The country's external debt and liabilities continued to grow reaching historic level of $88.9 billion at the end of first half (July-Dec) of this fiscal year (FY18), mainly due to fresh borrowing from multilateral and bilateral sources on account of public debt. Economists said it appears that the federal government has borrowed enough in the preceding quarter to make the external debt payments and build the depleting foreign exchange reserves.
"The major surge has been arrived from public external debt and accordingly, the country's overall external debt and liabilities have reached at new historic level. The federal government borrowed some $2.5 billion through the auction for Sukuk and Eurobond in the international market in November 2017," they added. However, they said that fresh external borrowing and other foreign inflows were unable to finance the higher current account gap and hence compelled the federal government to utilize foreign exchange reserves for external debt servicing of which forex reserves have reached below $19 billion in the first week of February.

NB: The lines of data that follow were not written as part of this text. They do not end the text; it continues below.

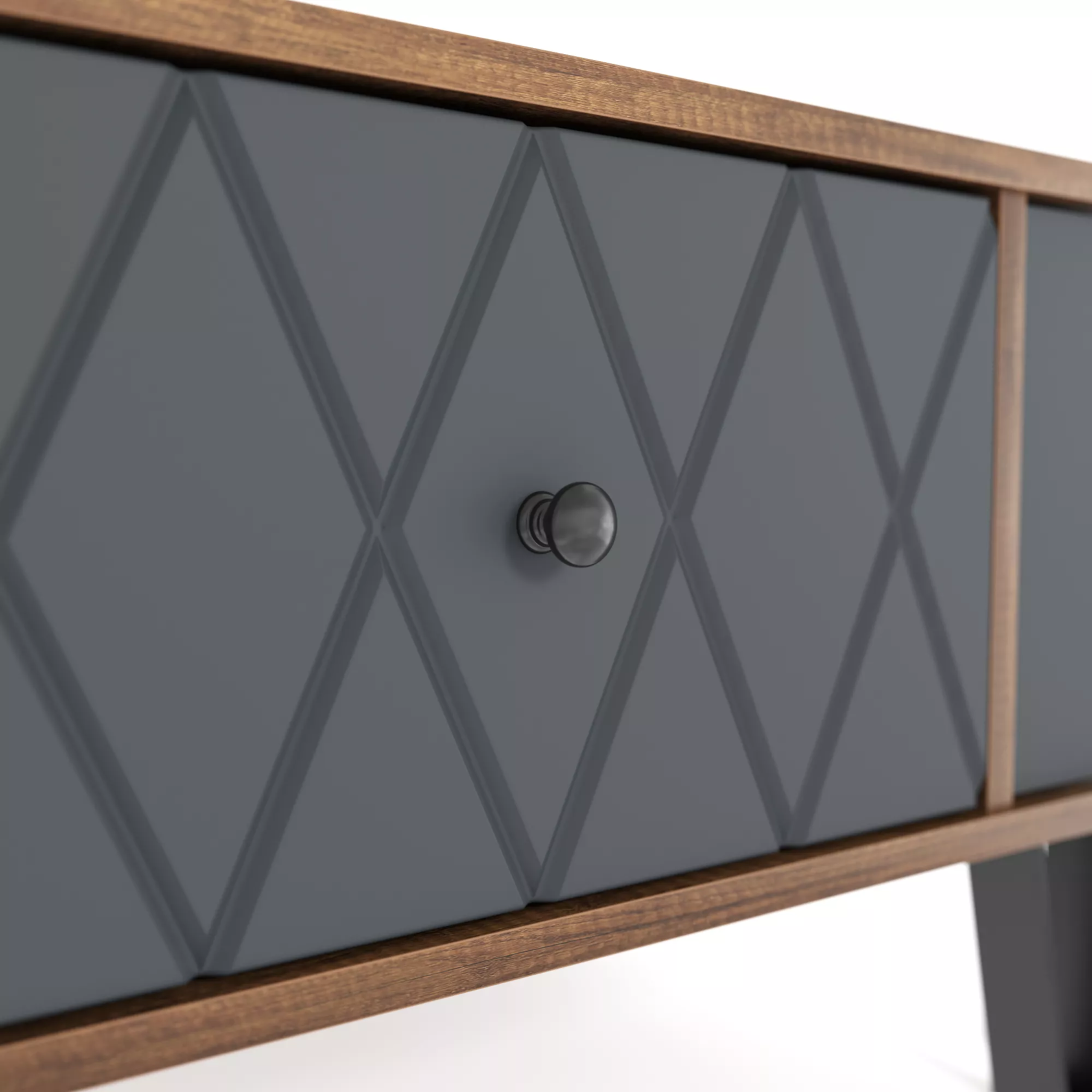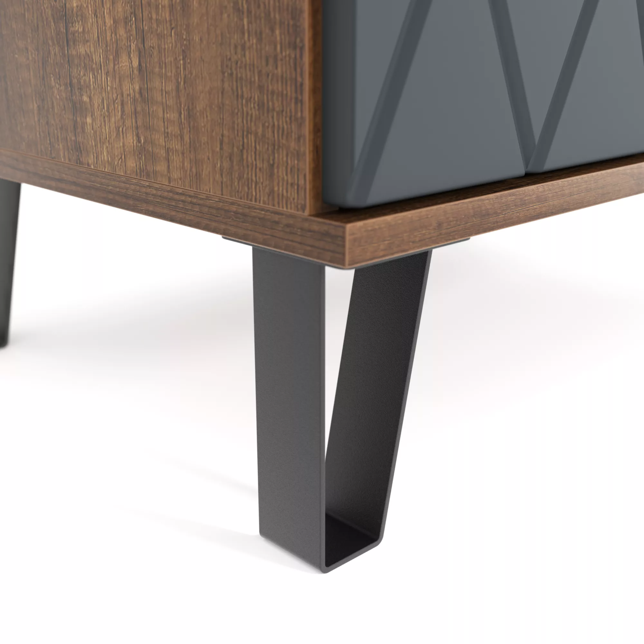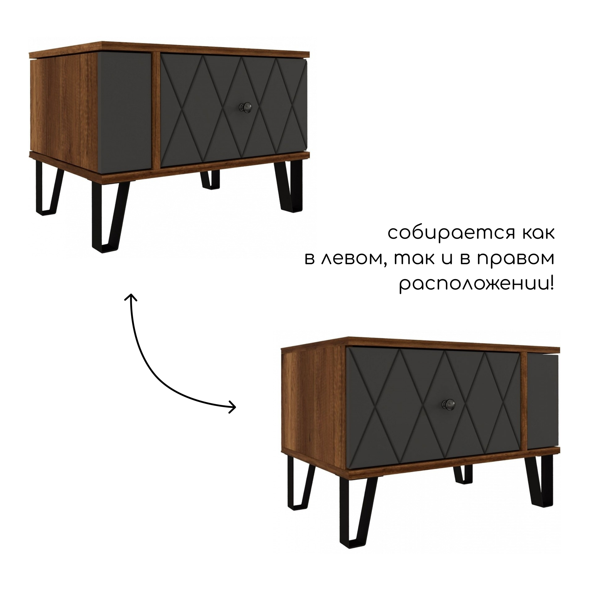 Надежная фурнитура: опоры тумбы выполнены из металла, а цвет фурнитуры – черный/хром, что добавляет изделию солидности и подчеркивает его статус.
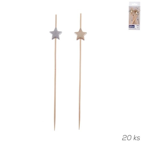 Bambusová napichovátka s barevnou ozdobou ve tvaru HVĚZDY. Vhodné při servírování drobného slaného nebo sladkého pohoštění při různých příležitostech, oslavách, na zimní párty, na vánoční setkání. Ozdobí jednohubky, muffiny, dortíky, olivy, kousky sýra. Sada 20 ks. Mix barev zlatá a stříbrná. Materiál bambus, javorové dřevo s barevným nástřikem (ozdoba). Délka 12 cm. EAN 8592381242336
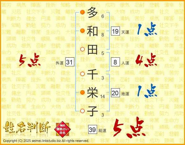 多和田千栄子さんの総運は39画の5点!

According to State Bank of Pakistan (SBP), the country's external debt and liabilities (stocks) posted an increase of 7 percent during July-December of FY18. Pakistan's total external debt and liabilities rose to $88.89 billion mark as on December 31, 2017 compared to $83.092 billion on June 30, 2017, depicting an increase of $5.799 billion during the first half of FY18.

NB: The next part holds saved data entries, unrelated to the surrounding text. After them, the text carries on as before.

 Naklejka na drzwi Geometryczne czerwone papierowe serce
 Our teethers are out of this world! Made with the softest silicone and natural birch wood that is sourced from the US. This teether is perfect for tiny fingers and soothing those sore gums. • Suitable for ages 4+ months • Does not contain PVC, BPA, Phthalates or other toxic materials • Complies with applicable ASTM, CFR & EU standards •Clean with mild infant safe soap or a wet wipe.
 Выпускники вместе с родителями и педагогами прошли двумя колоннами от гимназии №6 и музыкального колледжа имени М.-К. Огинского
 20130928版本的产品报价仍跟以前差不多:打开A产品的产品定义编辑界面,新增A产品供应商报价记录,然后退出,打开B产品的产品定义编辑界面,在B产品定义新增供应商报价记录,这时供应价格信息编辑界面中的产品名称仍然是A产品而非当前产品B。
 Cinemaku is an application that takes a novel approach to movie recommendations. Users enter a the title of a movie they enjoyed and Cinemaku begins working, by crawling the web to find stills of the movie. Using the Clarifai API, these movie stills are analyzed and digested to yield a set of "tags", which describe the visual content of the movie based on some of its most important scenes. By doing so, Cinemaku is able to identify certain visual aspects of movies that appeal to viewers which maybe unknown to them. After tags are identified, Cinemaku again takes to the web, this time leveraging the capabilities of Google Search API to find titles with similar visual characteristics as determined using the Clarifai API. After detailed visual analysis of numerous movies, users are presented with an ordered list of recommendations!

However, as percent of GDP, total external debt and liabilities are almost flat at 27.4 percent at the end of first half of this fiscal year. During the period under review, the official foreign exchange reserve declined to $14.329 billion down from $16.243 billion, a decline of some $2 billion.
The total stocks of debt and liabilities comprise Paris Club, Euro Sukuk global Bond, IMF loan, foreign exchange liabilities, Public Sector Enterprises (PSE) guaranteed debt and non-guaranteed debt, bank borrowing, non-residential deposits, private sector guaranteed/non-guaranteed debt and foreign exchange liabilities and debt liabilities to direct investors.
The detailed analysis revealed that public external debt has highest share of 63 percent in the country's total external debt and liabilities. Public external debt posted an increase of 6.6 percent or $4.408 billion in the first half of this fiscal year. Out of total external debt and liabilities, external public debt stood at $70.511 billion in December 2017 compared to $66.103 billion at the end of June 2017.
During the period under review, among public debt, long-term debt portfolio increased from $55.547 billion to $59.445billion. The IMF debt surged by $147 million to reach $6.256 billion. In addition, PSEs debt went up by $237 million to $2.943 billion in December 2017.
With an increase of 4 percent or $184 million, bank borrowing reached $4.703 billion at the end of December 2017 compared to $4.519 billion in June 2017. Private sector debt also showed an upward trend surging by 11 percent during the first half of this fiscal year. Private sector debt stood at $7.236 billion at the end of December 2017, up from $6.505 billion in June 2017. Similarly, during the period under review, debt liabilities to direct investors moved up by $244 million to $3.498 billion at the end of first half of this fiscal year.